The sound of the aircraft built slowly into their consciousness from a low and distant thump building all of the time until it became clear. The two bladed Bell Iroquois seemed like a throwback to Vietnam and the jungle war in that theatre. Pol mused on this as he waited the last couple of seconds and he thought about how the lessons had been learned there by the Americans and the SAS had been translated into the new tactics they had employed in the jungle. The British SAS has rotated its soldiers through the operation under the guise of the Australian SAS. The combat effectiveness of the Aussies had been legendary. Together with the British they were able to carry forward the skills learned in Malaya and Borneo and had taken to the jungle in small and flexible units under the command of non-commissioned officers to hunt down the Viet Cong in their own environment.
Low to the canopy the helicopter appeared up the valley. The American captain piloting the old bird looking for the clearing, he knew the landing would be tight, normally only with a couple of feet to spare around the rotor disc. Sure enough this pick up point was cut in dense jungle.
“This is a tight one, Zak” he spoke to his co-pilot.
“Yes sir, this will be close, I can’t see them or any smoke” Lieutenant Zak Cohen was a recent arrival in the Anglo American team, a fine pilot just learning his way round the jungle.
“You won’t see them, they will appear and get in”
The captain spoke as he gently put the helicopter into the centre of the clearing with inch perfect precision. As the skids touched the ground the load master opened the doors.
Cohen saw two figures appear from the tree line and run to the helicopter. Both were so dirty the pattern on their fatigues was indiscernible. Both men bearded and one of them had an injury to his face. The two men they were collecting had been in the bush for over two weeks on hard routine. Their skin was orange tinged with the anti-malarial quinine tablets they had taken and the effects of the sun under the canopy.

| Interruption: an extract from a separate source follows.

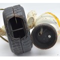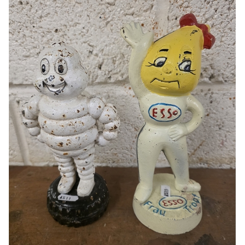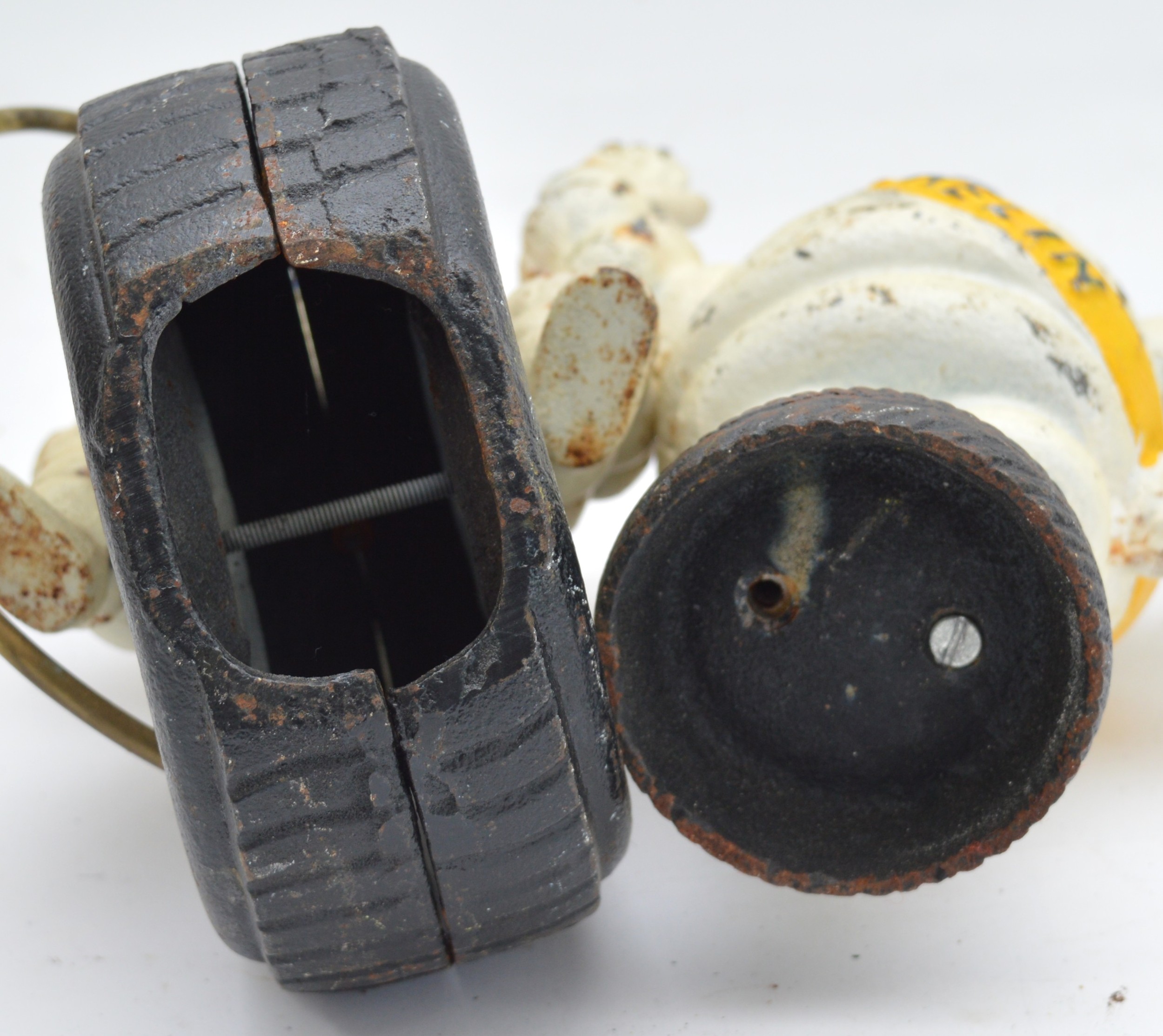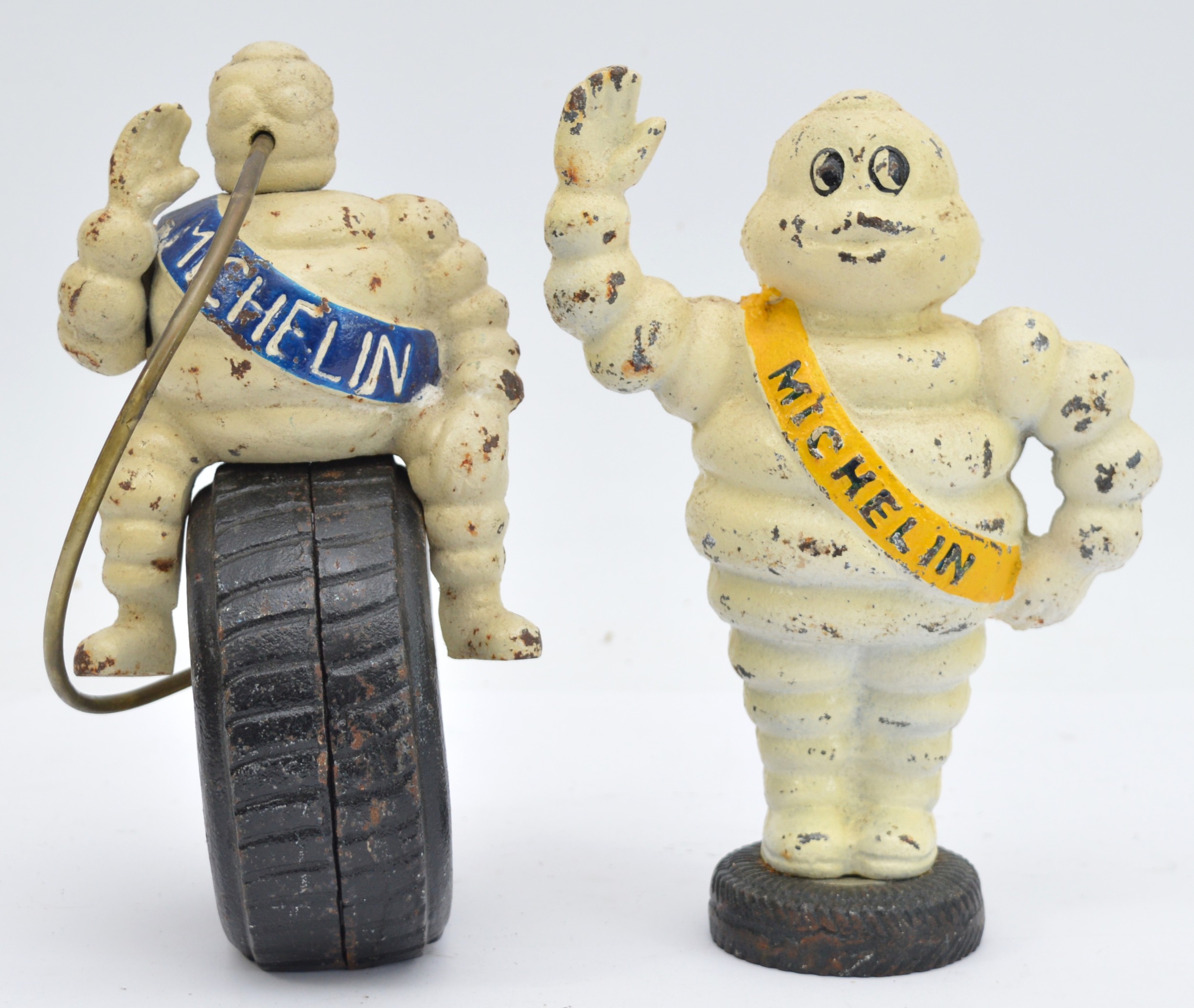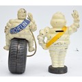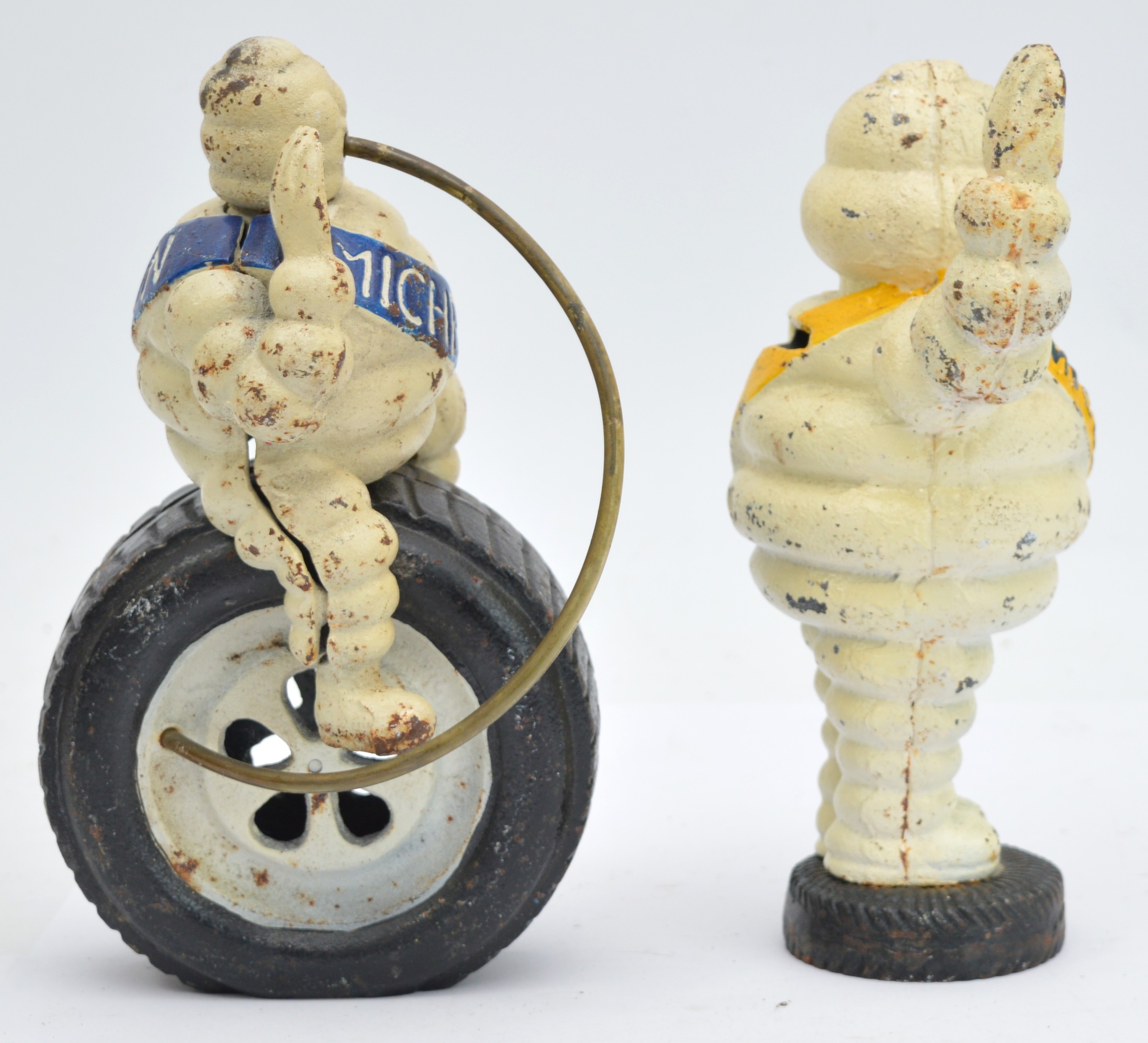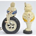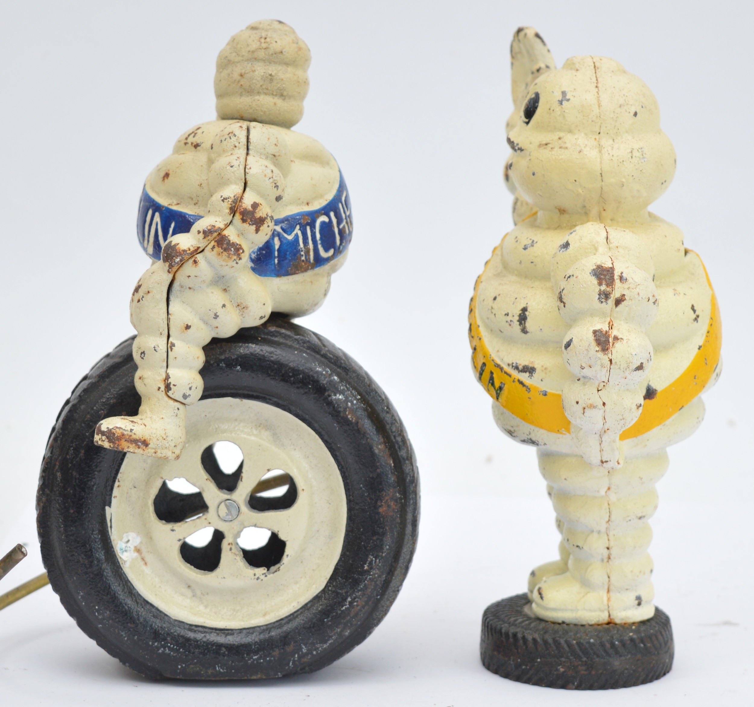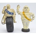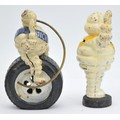 A painted cast iron Michelin man riding a wheel, 24cm and another waving (2).

The load master pulled their heavy packs on board and the men climbed into the cabin, sat in the orange nylon webbing benches and strapped themselves in. They unloaded their shotguns as the helicopter left the ground and very quickly they were both sound asleep. The pilot flew low out of the jungle, the rollercoaster ride did not disturb the exhausted sleep that had overwhelmed them both.
Twenty minutes later skids were down at Airport Camp, Belize City. The soldiers climbed out of the helicopter and dragging their back packs with them they walked in slow motion towards the Nissan hut. They handed their shotguns in at the armoury.
“Winny, get yourself to the med centre mate, your face looks bad”
“Yeah, will do Sticks, just going for a shower and to get changed and I will. What about debrief?”
“It has been set for 10.00 tomorrow morning.” Replied Hicks.
“Ok mate, let’s have a beer later”
They would not go for a beer, Winchester’s insect bite had become infected and he spent the next five days in the military hospital on intravenous antibiotics. Hicks gave the debrief in the morning and when he disclosed the killings that had taken place in the field it was decided that they could no longer operate in the theatre. Hicks was flown to Fort Bragg in Carolina where he temporarily joined a training team. When Winchester had recovered sufficiently from the infection he was returned to his normal artillery unit. It was as if Tanjoc had never happened.